* Work to complete
Each line from the one bearing "Звукова стереопанель з" through the last line of the entries below should be returned exactly, with pictures left out.

* Collected data entries

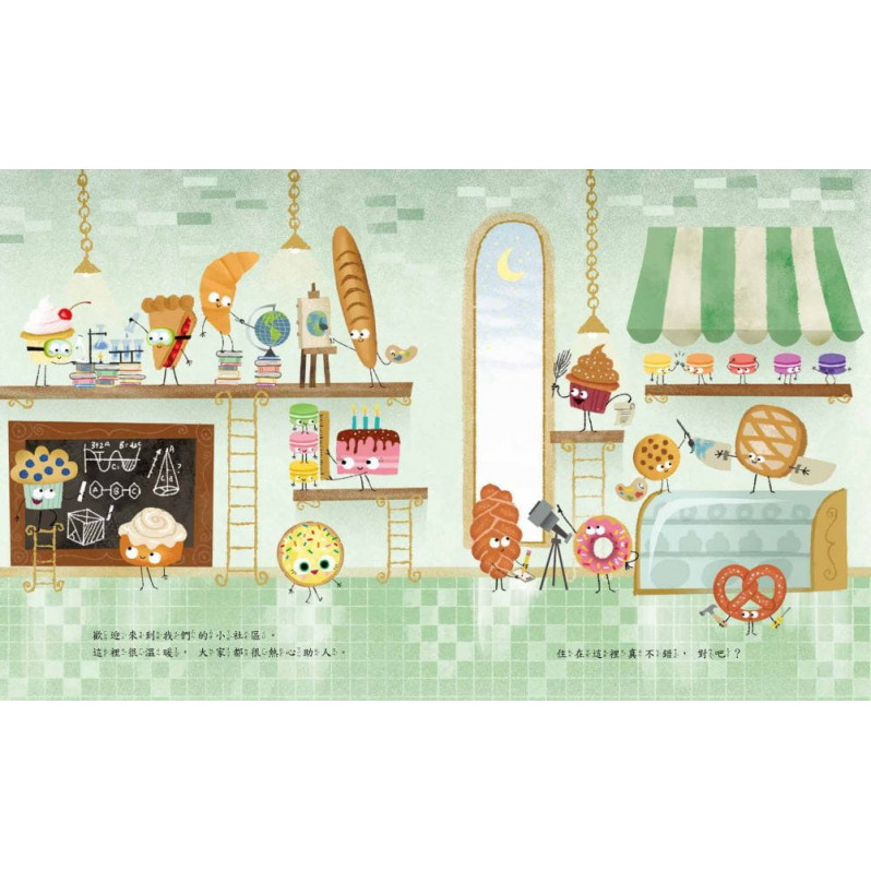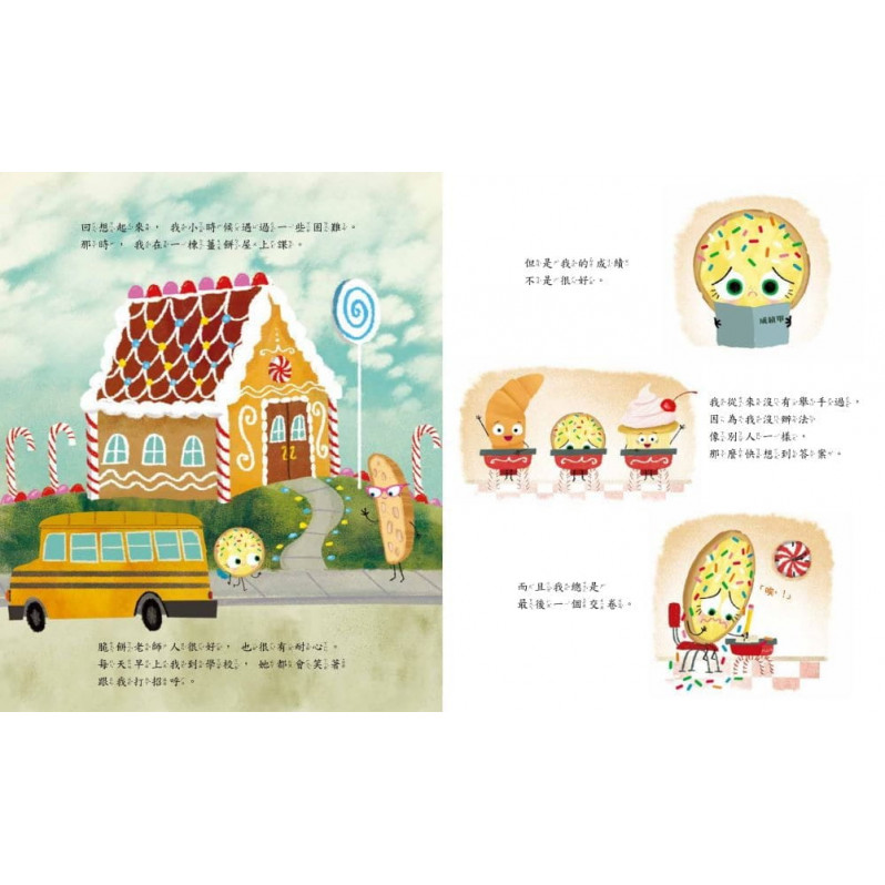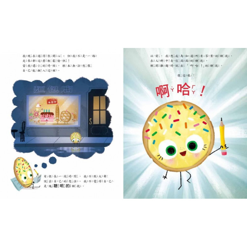 甜點街的街角有間麵包店,好多點心、蛋糕、蛋捲、小麵包都住在這裡,還有開心的小餅乾。但是,她不是一開始就這麼順遂,回憶起在薑餅學校求學的時光,她不敢舉手回答問題、不管多認真K書,總是最後一個交卷,對自己很沒自信。一天,老師要大家交出百分百「原創」的作品。小餅乾嘗試烘焙、做木工、雕塑,通通都失敗。突然想到,寫詩好了!完成詩作『我的心碎日記』。朗讀出來時,同學們的反應會是如何呢?小餅乾能找到屬於自己的「聰明」嗎?
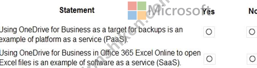 以下の各ステートメントについて、ステートメントが真である場合は「はい」を選択します。それ以外の場合は、「いいえ」を選択します。
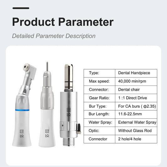 Peça de mão odontológica de baixa velocidade e contra-ângulo reto adequado para equipamento de laboratório odontológico de turbina de ar, ferramenta de polimento de micromotor de 2/4 furos
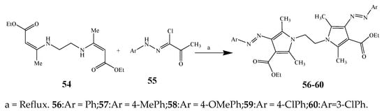 - Kheder, N.A. Hydrazonoyl chlorides as precursors for synthesis of novel bis-pyrrole derivatives. Molecules 2016, 21, 326. [Google Scholar] [CrossRef] [PubMed]
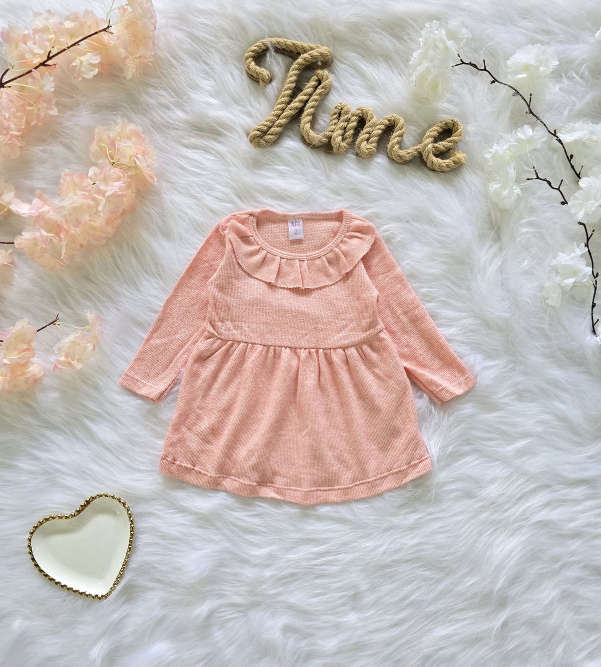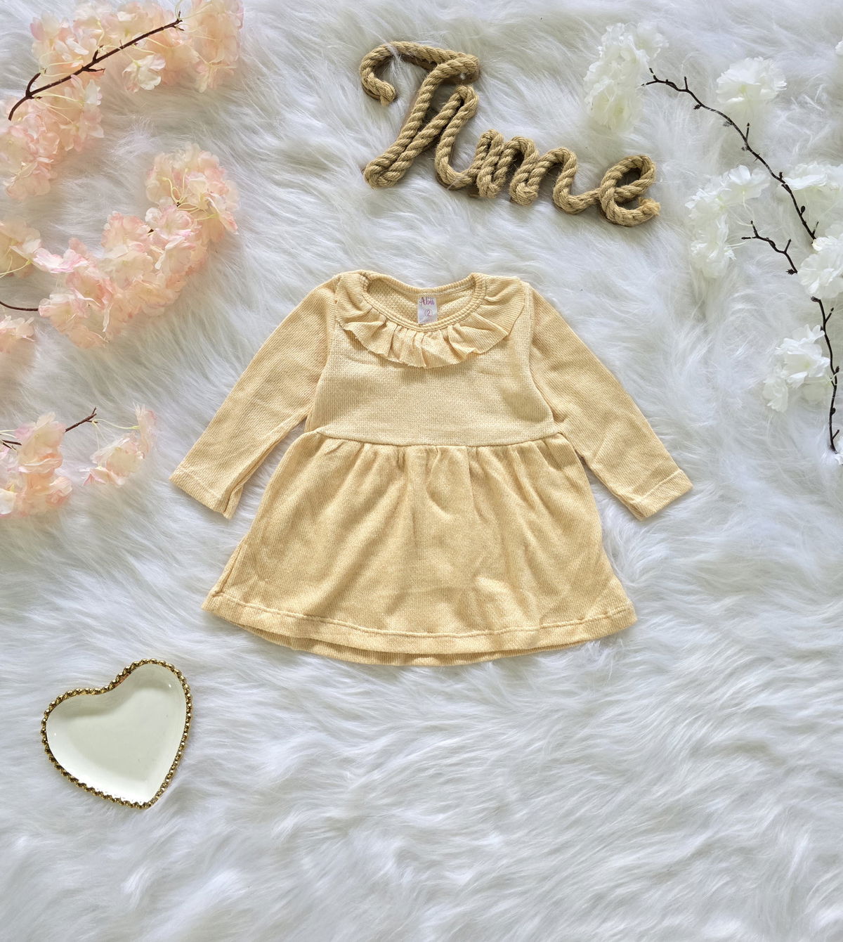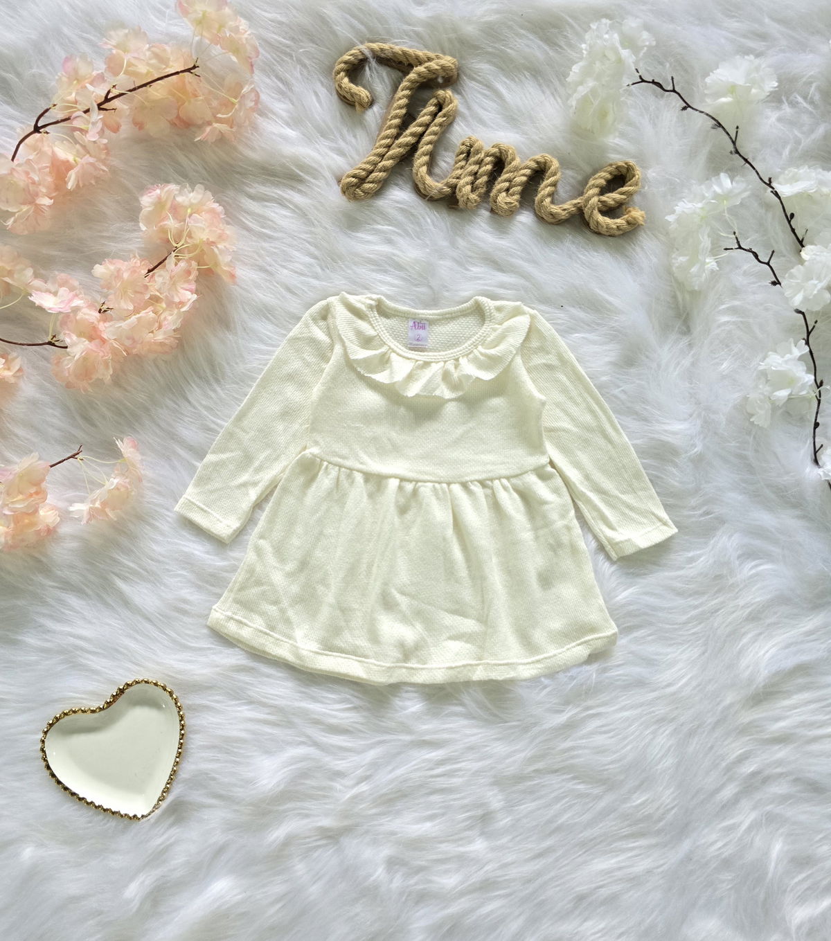 Vestido confeccionado en lanilla wafle, una tela suave, abrigada y con textura delicada, ideal para los días frescos. Su diseño incluye volado en el cuello y corte en la cintura que aporta una caída amplia y cómoda.
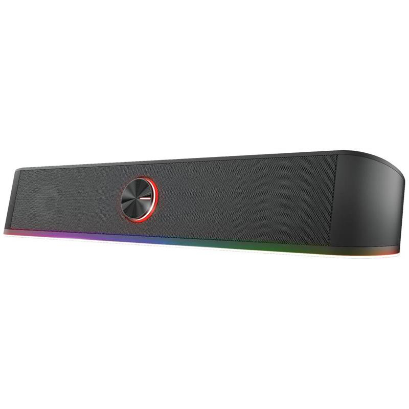Звукова стереопанель з RGB-підсвічуванням та компактною конструкцією.
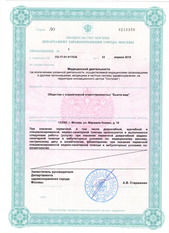 Профессиональная переподготовка: ГУ ВПО Московская медицинская академия им. Сеченова , диплом 167890 по специальности «Дерматовенерология» от 16.05.2004 . ГБУЗ МО МОНИКИ , диплом 010499 от 07.06.213 по специальности «Косметология». РУДН, диплом 17015767 от 25.12.2018 по специальности «Основы здравоохранения и общественное здоровье»
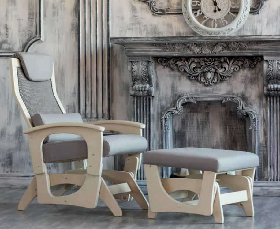 - С подножкой. Кресло глайдер с подставкой для ног пригодится тем, кто любит комфорт.
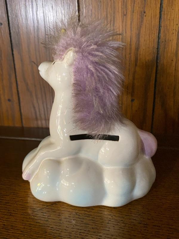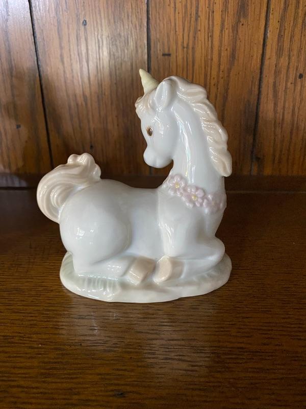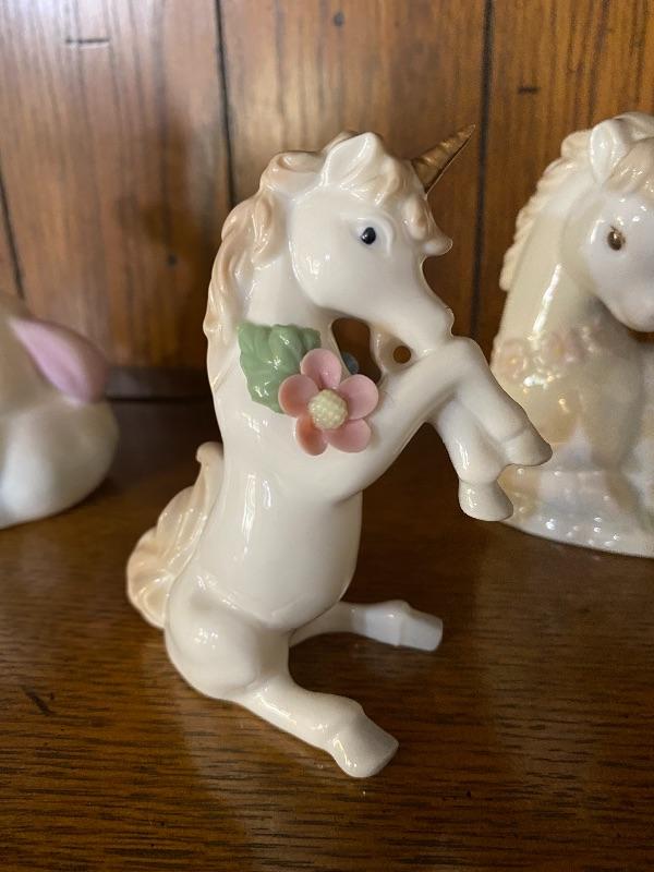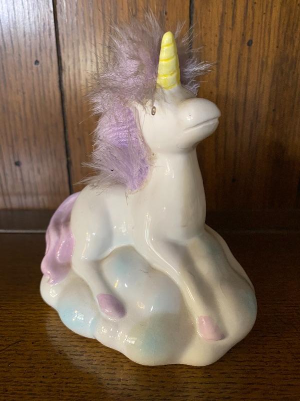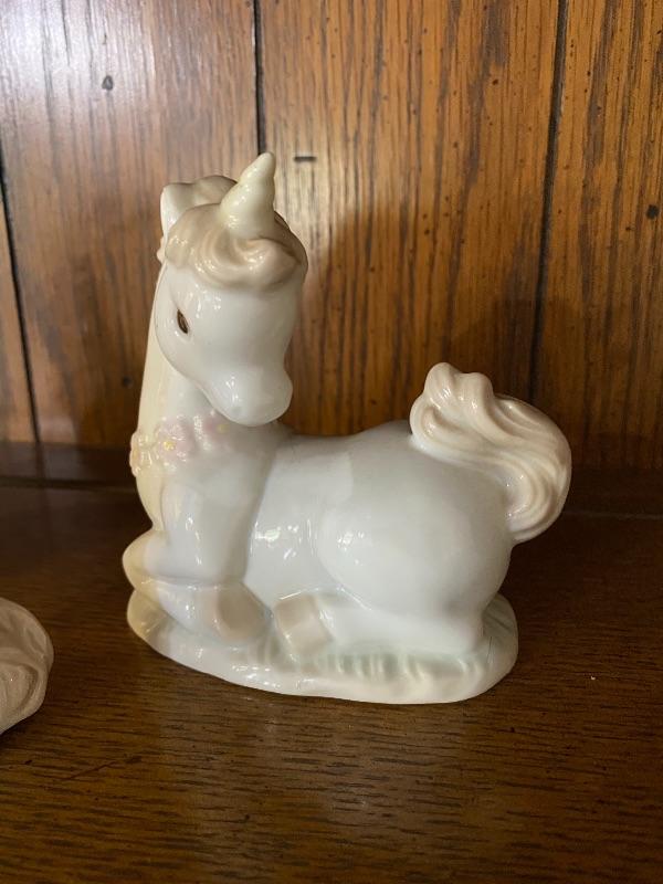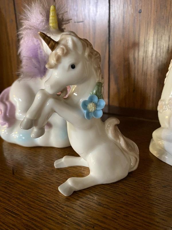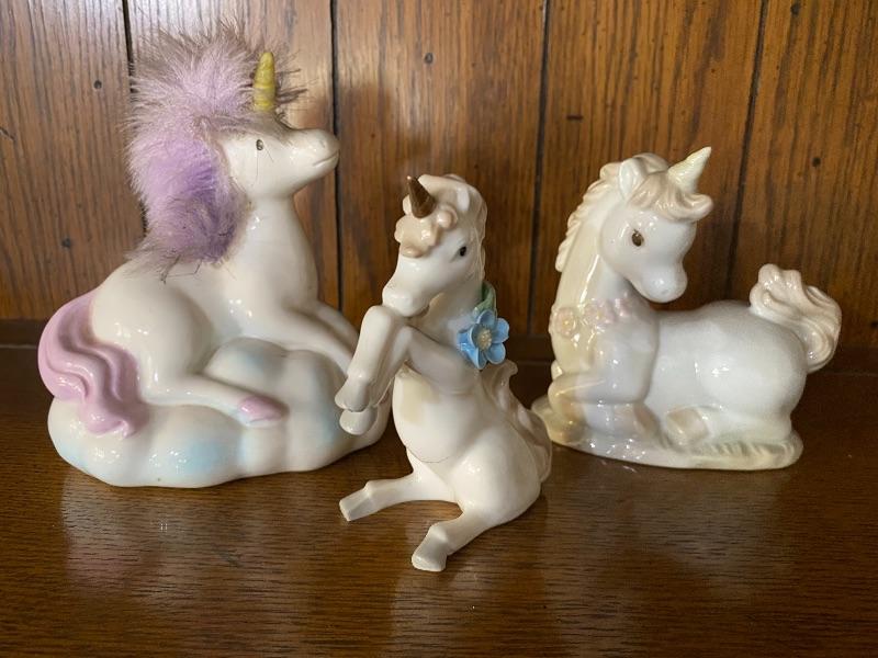 Three cute unicorn figurines. One is also a bank. Good condition except a little dust.
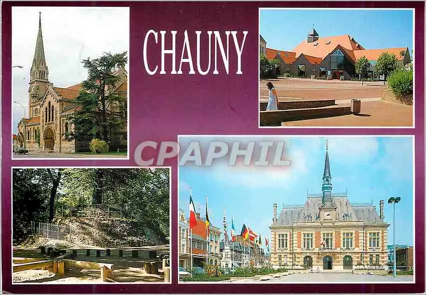 Cartes postales moderne Chauny (Aisne) l'Eglise Notre Dame le Forum les Promenades l'Hotel de Ville
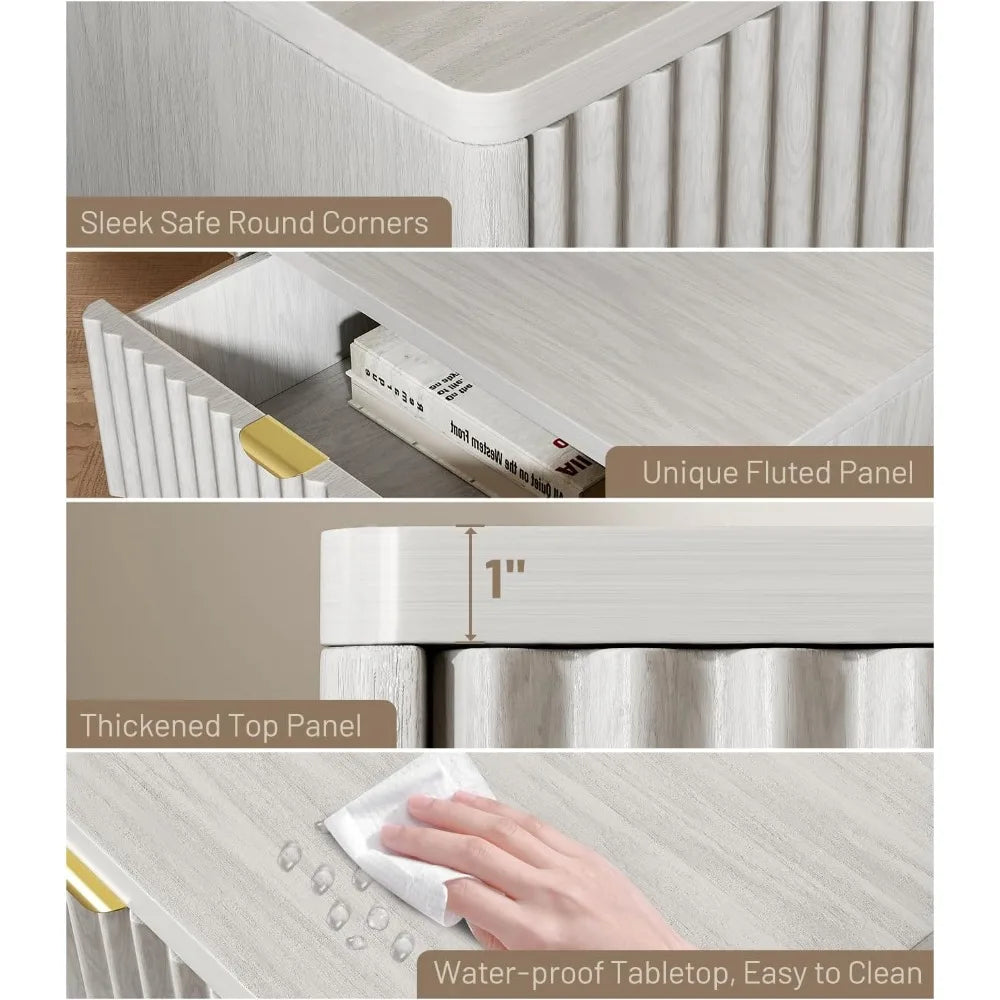 Introducing the Ljustra Nightstands Set of 2, a perfect blend of style and functionality designed to elevate your bedroom or living room decor. These modern fluted nightstands are not just furniture; they are a statement of elegance and practicality.

* Solution
Звукова стереопанель з RGB-підсвічуванням та компактною конструкцією.
 Профессиональная переподготовка: ГУ ВПО Московская медицинская академия им. Сеченова , диплом 167890 по специальности «Дерматовенерология» от 16.05.2004 . ГБУЗ МО МОНИКИ , диплом 010499 от 07.06.213 по специальности «Косметология». РУДН, диплом 17015767 от 25.12.2018 по специальности «Основы здравоохранения и общественное здоровье»
 - С подножкой. Кресло глайдер с подставкой для ног пригодится тем, кто любит комфорт.
 Three cute unicorn figurines. One is also a bank. Good condition except a little dust.
 Cartes postales moderne Chauny (Aisne) l'Eglise Notre Dame le Forum les Promenades l'Hotel de Ville
 Introducing the Ljustra Nightstands Set of 2, a perfect blend of style and functionality designed to elevate your bedroom or living room decor. These modern fluted nightstands are not just furniture; they are a statement of elegance and practicality.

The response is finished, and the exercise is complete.